Autre incitation, géographique cette fois : le Gouvernement prévoit d’augmenter la prime de mobilité pour les demandeurs d’emplois qui acceptent un travail à plus de 200 kilomètres de leur domicile. Celle-ci passera de 1 500 à 2 000 euros. Enfin, l’ANPE proposera de recevoir 180 000 jeunes peu ou pas qualifiés afin de leur donner une orientation et une offre d’emploi.

Le Gouvernement tiendra une conférence sur l’emploi et les revenus avec les partenaires sociaux, le 14 décembre 2006. Le chef du Gouvernement a souhaité que des conclusions concrètes émergent sur le soutien à l’emploi des jeunes, l’amélioration de la qualité des postes proposés aux femmes, la précarité dans l’emploi, les salaires et le coût de la vie.

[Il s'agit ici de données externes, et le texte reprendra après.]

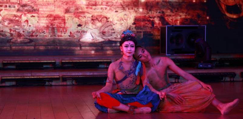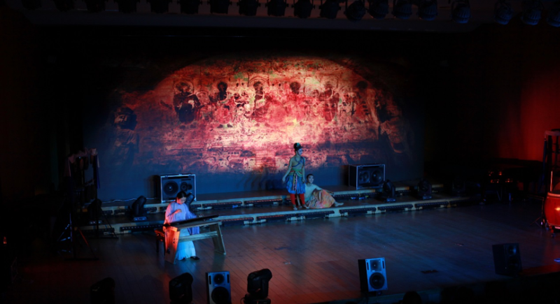 第七首《一叶菩提》也是青年作曲家关鹏创作,菩提一叶却包容万象,二胡一把却独具意境,舞者一人旋转跳跃间却将西魏壁画上的飞天羽人形象诠释得淋漓尽致,双臂双脚奋力伸展,在大千宇宙的怀抱中尽显阳刚,以形传神,道不出具体的韵味。二胡与舞者刚柔并济,电子音乐与若隐若现的壁画背景为二者创造出万物共生的空间感,流露出中国传统文化的智慧与内涵。

Croissance : le choix d’une industrie forte

"Ce n’est pas un choix idéologique, c’est un choix pragmatique", a précisé Dominique de Villepin avant d’expliquer que l’industrie constitue le principal moteur de l’innovation et le premier contributeur à la balance commerciale française.

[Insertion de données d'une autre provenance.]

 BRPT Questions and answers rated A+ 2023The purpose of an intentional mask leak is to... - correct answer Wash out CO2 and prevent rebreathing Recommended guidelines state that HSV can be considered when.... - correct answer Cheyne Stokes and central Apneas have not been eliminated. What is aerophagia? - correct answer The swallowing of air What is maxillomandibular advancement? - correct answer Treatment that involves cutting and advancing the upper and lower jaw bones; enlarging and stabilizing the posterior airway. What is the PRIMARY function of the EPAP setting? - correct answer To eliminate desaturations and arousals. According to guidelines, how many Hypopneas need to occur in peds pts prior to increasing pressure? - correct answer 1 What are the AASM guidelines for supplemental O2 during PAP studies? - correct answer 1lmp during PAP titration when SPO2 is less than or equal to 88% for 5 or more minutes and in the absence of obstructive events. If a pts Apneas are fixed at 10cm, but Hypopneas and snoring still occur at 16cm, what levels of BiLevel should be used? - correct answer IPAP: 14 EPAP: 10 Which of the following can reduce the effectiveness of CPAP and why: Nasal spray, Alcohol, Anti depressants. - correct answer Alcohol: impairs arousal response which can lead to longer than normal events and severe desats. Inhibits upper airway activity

Pour renforcer le secteur et préserver les cinq millions d’emplois qui sont en jeu, le Gouvernement mise sur la recherche et l’innovation. "C’est dans cet esprit que nous avons agi face aux défis du secteur aéronautique", a rappelé le Premier ministre. Pour la filière automobile, le Gouvernement propose une "nouvelle donne" privilégiant notamment une meilleure entente entre grandes entreprises et sous-traitants.

Solidarité, innovation et recherche

Cette nouvelle donne passe d’abord par la solidarité entre grandes et petites entreprises. Un code de bonne pratique a déjà été signé et la question des délais de paiement est en cours d’examen. Le député Martial Saddier doit rendre ses conclusions sur le sujet. L’objectif est d’aligner les pratiques françaises sur celles des autres pays européens. Les acteurs de la filière automobile ont jusqu’au 15 janvier pour aboutir à un accord. Si tel n’était pas le cas, Dominique de Villepin proposerait de passer par la voie législative.

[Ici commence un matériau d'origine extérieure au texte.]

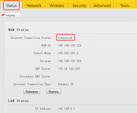 10.After rebooting, login to the setup page with the new LAN IP 192.168.5.1, and Click Status to check the internet connection status again, if it shows connected, you can go to internet, if not, please click on Renew and check whether the cable between A6 your modem is Connected firmly.
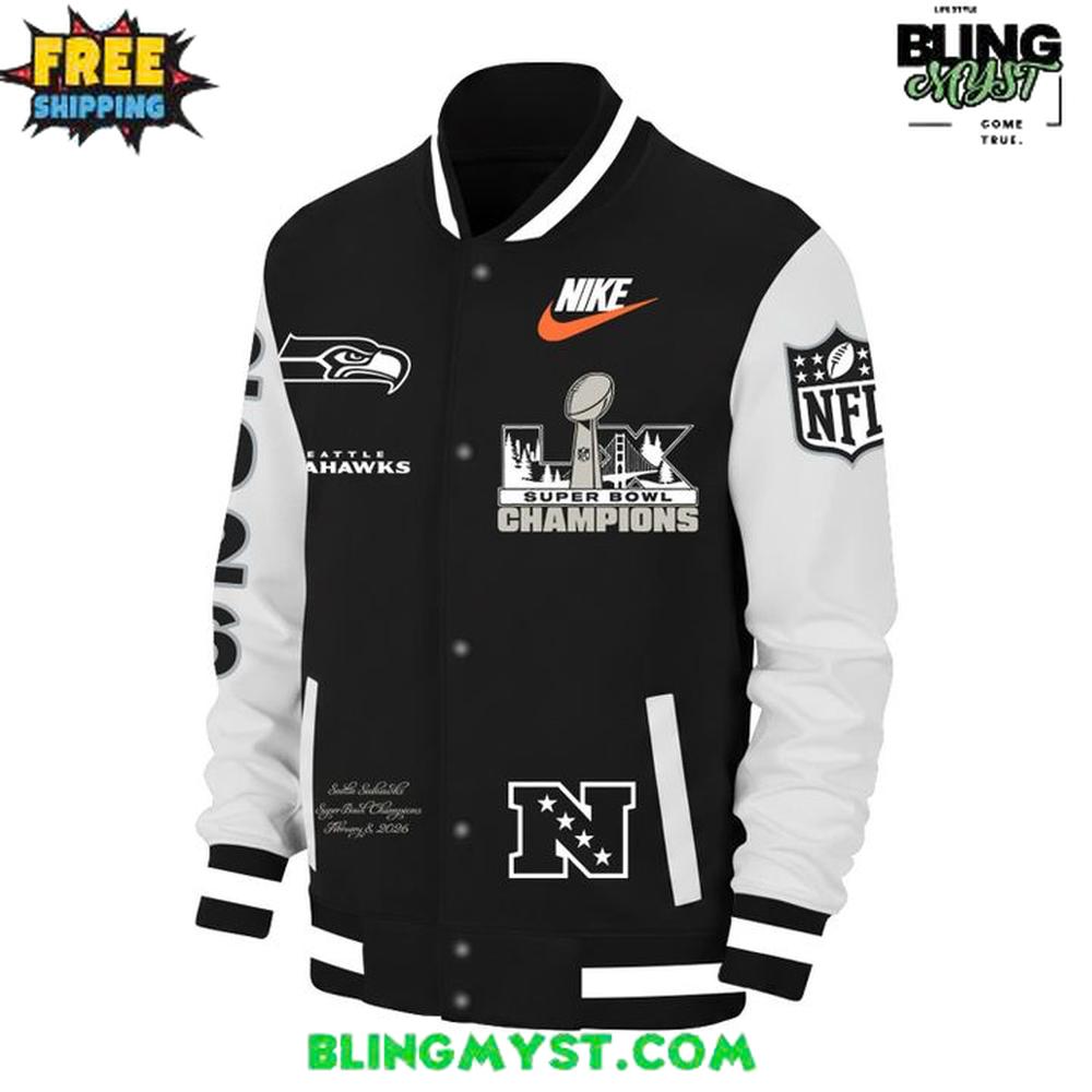 Celebrate a historic milestone in Seattle sports history with the Seattle Seahawks Super Bowl LX Champions Full-Snap Destroyer Nike Jacket. This elite piece of fan gear commemorates the 2026 championship victory, featuring premium wool-blend construction and high-definition embroidery. The sleek black and white colorway is accented with the iconic Seahawks logo on the chest and a bold “LX Super Bowl Champions” graphic, making it the ultimate statement piece for the 12s.

Second principe de la nouvelle donne en faveur de l’industrie automobile : l’innovation et la recherche. Au-delà des 120 millions d’euros engagés en 2006, notamment pour soutenir le projet de moteur hybride diesel, le Premier ministre a pris deux engagements :

-Le même montant sera débloqué en 2007 ;

-Le plafonnement par société du crédit d’impôt recherche sera doublé pour atteindre 16 milliards d’euros.

Au-delà de ses mesures, Dominique de Villepin a estimé qu’il ne fallait pas refuser le débat sur l’appréciation de l’euro et "ses conséquences sur nos exportations". Il a souhaité la mise en place de règles du jeu à l’échelle internationale, "notamment en matière environnementale".